As he passed the phone, it rang. When Remo scooped it up, Chiun was already spreading his parchments out once more.

"Judith White has been seen," Smith announced without preamble.

"Where?" Remo demanded.

"In Concord," Smith explained rapidly. "She had made a nest for herself in the same field where the BETA Bos camelus-whitus exchange was supposed to take place."

"I'm on my way."

"Wait," Smith called quickly. "She escaped on foot."

"Dammit," Remo complained, jamming the phone back to his ear.

"It is not as dire as it sounds," Smith explained. "She apparently feeds at night. I suspected as much before. That is why most of the murders took place after dark. She is no longer accustomed to daylight hours, as is a normal human."

"She's not a freaking vampire, Smitty."

"She might just as well be," Smith replied. "For in daylight, she is exposed. People will see her. More so now that she has been identified as the killer."

"But we still don't know where she is," Remo argued.

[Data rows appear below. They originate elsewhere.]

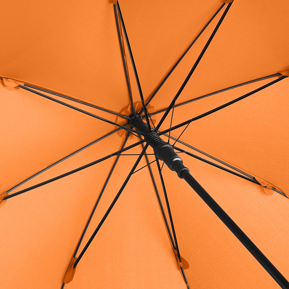 Preislich attraktiver Gästeschirm für zwei Personen mit Windproof-System Komfortable Automatik-Funktion zum schnellen Öffnen, Windproof-System für höhere Gestell-Flexibilität und bessere Windsicherheit, flexible Fiberglasschienen, matt-schwarzer Kunststoff Rundhakengriff, höherer Korrosionsschutz durch schwarze Galvanisierung des Stahlstocks. Auch als Stockschirm (Art. 1104) erhältlich.
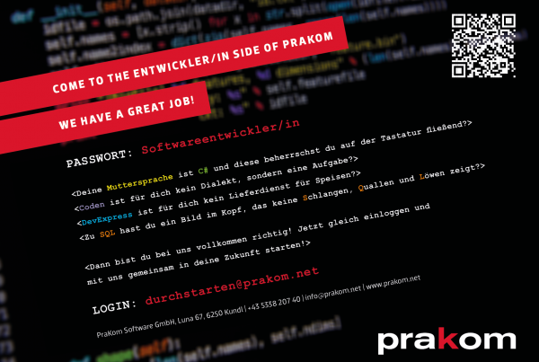 Wenn Du eine neue Herausforderung in einem innovativen Softwareunternehmen suchst und über die erforderlichen Fähigkeiten verfügen, komm zu PraKom!
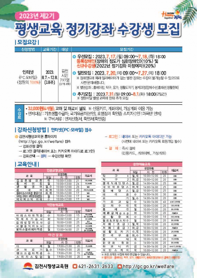 김천시평생교육원이 '2023년 제2기 평생교육 정기강좌'를 17일부터 우선 모집을 시작으로 8월 1일까지 선착순 모집한다고 밝혔다.
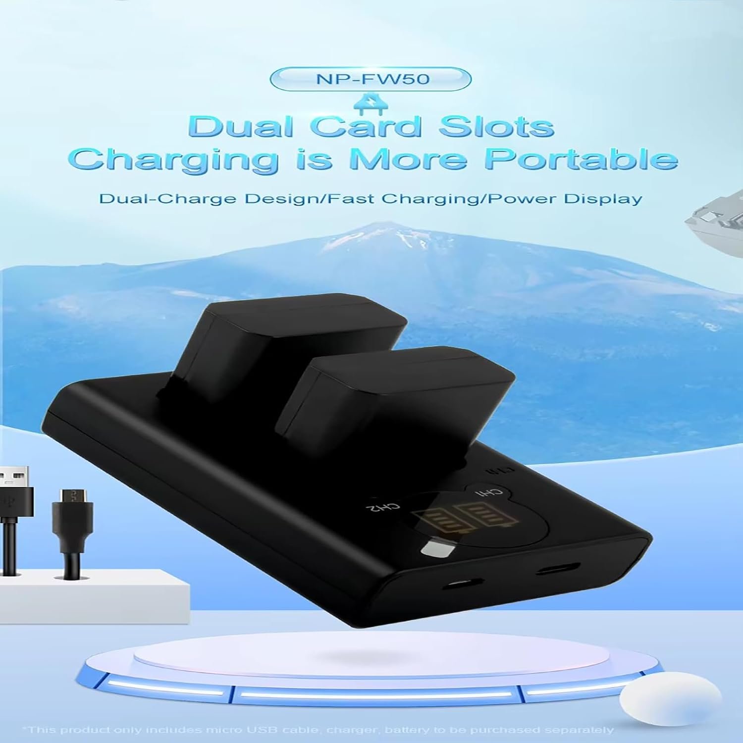 DL-FW50 Fast Dual Charger Quick Charge Portable Power Bank for A5100/A6100/A7s2/ZV-E10, NP-FW50/FZ100/FM500H Battery LCD Display
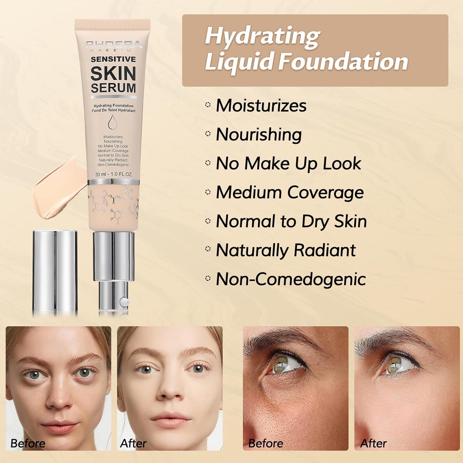 Phoera Foundation Makeup,Flawless Soft Matte Full Coverage with Matte Finish,Hydrating Serum Foundation,Face Makeup for Normal and Dry Skin(N02 Nude, 1PC)
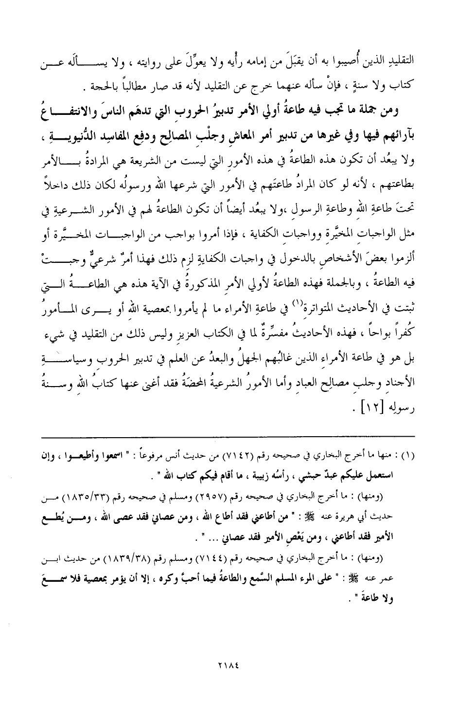 ومن حملة ما تجب فيه طاعة أولي الأمر تدبير الحروب التي تدهم الناس والانتفاع بآرائهم فيها وقي غيرها من تدبير أمر المعاش وجلب المصالح ودفع المفاسد الدنيوية، ولا يبعد أن تكون هذه الطاعة في هذه الأمور التي ليست من الشريعة هي المرادة بالأمر بطاعتهم، لأنه لو كان المراد طاعتهم في الأمور التي شرعها الله ورسوله لكان ذلك داخلا تحت طاعة الله وطاعة الرسول، ولا يبعد أيضًا أن تكون الطاعة لهم في الأمور الشرعية في مثل الواجبات المخيرة وواجبات الكفاية، فإذا أمروا بواجب من الواجبات المخيرة أو ألزموا بعض الأشخاص بالدخول في واجبات الكفاية لزم ذلك فهذا أمر شرعي وجبت فيه الطاعة، وبالجملة فهذه الطاعة لأولي الأمر المذكورة في الآية هذه هيالطاعة التي ثبتت في الأحاديث المتواترة (¬1) في طاعة الأمراء ما لم يأمروا بمعصية الله أو يرى المأمور كفرا بواحا، فهذه الأحاديث مفسرة لما في الكتاب العزيز وليس ذلك من التقليد في شيء بل هو في طاعة الأمراء الذين غالبهم الجهل والبعد في تدبير الحروب وسياسة الأجناد وجلب مصالح العباد وأما الأمور الشرعية المحضة فقد أغنى عنها كتاب الله وسنة رسوله [12]
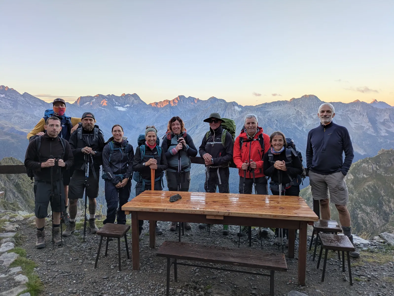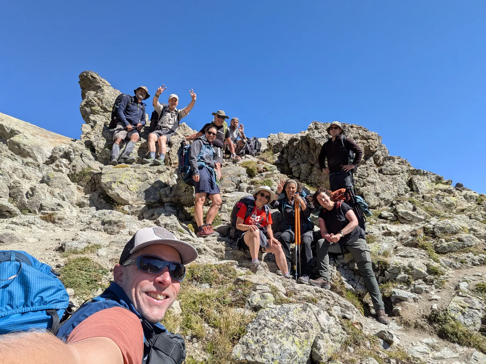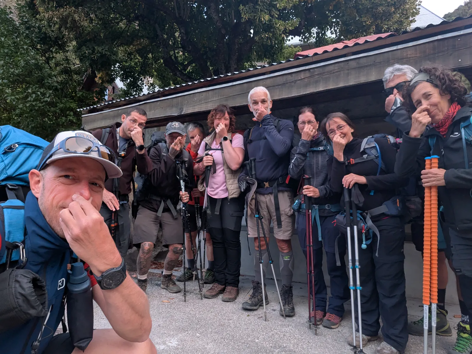 Le projet était ambitieux et il fallait un sacré groupe pour le mener à bien. Et pour être très clair : je n’avais aucun doute sur le fait que mes 9 inscrit·e·s seraient à la hauteur et pourraient faire le tour. Certes j’imaginais que ça serait dur sur certaines grosses étapes ou que l’enchainement pourrait finir par peser un peu. Et franchement je n’en ai même pas eu l’impression. J’ai même été bluffé par le rythme qu’on avait sur certaines montées. Des vraies machines à crapahuter…

"We cannot pinpoint a precise location," Smith agreed, "but there have been three sightings since the incident this morning. One in Minute Man National Historic Park, one in Winchester and the third in the woods near Middlesex Fells Reservoir. She appears to be heading back to Boston."

"I thought she was the thinking man's animal." Remo frowned. "Doesn't she know there are hunters everywhere around here? What's she doing coming back?"

"I could not begin to speculate," Smith said. "But that appears to be the pattern. Do you still have your Department of Agriculture identification?"

"Yeah, why?"

"I am sending an unmarked state police car for you and Chiun. It would be simpler if the officers believe you to be agriculture agents."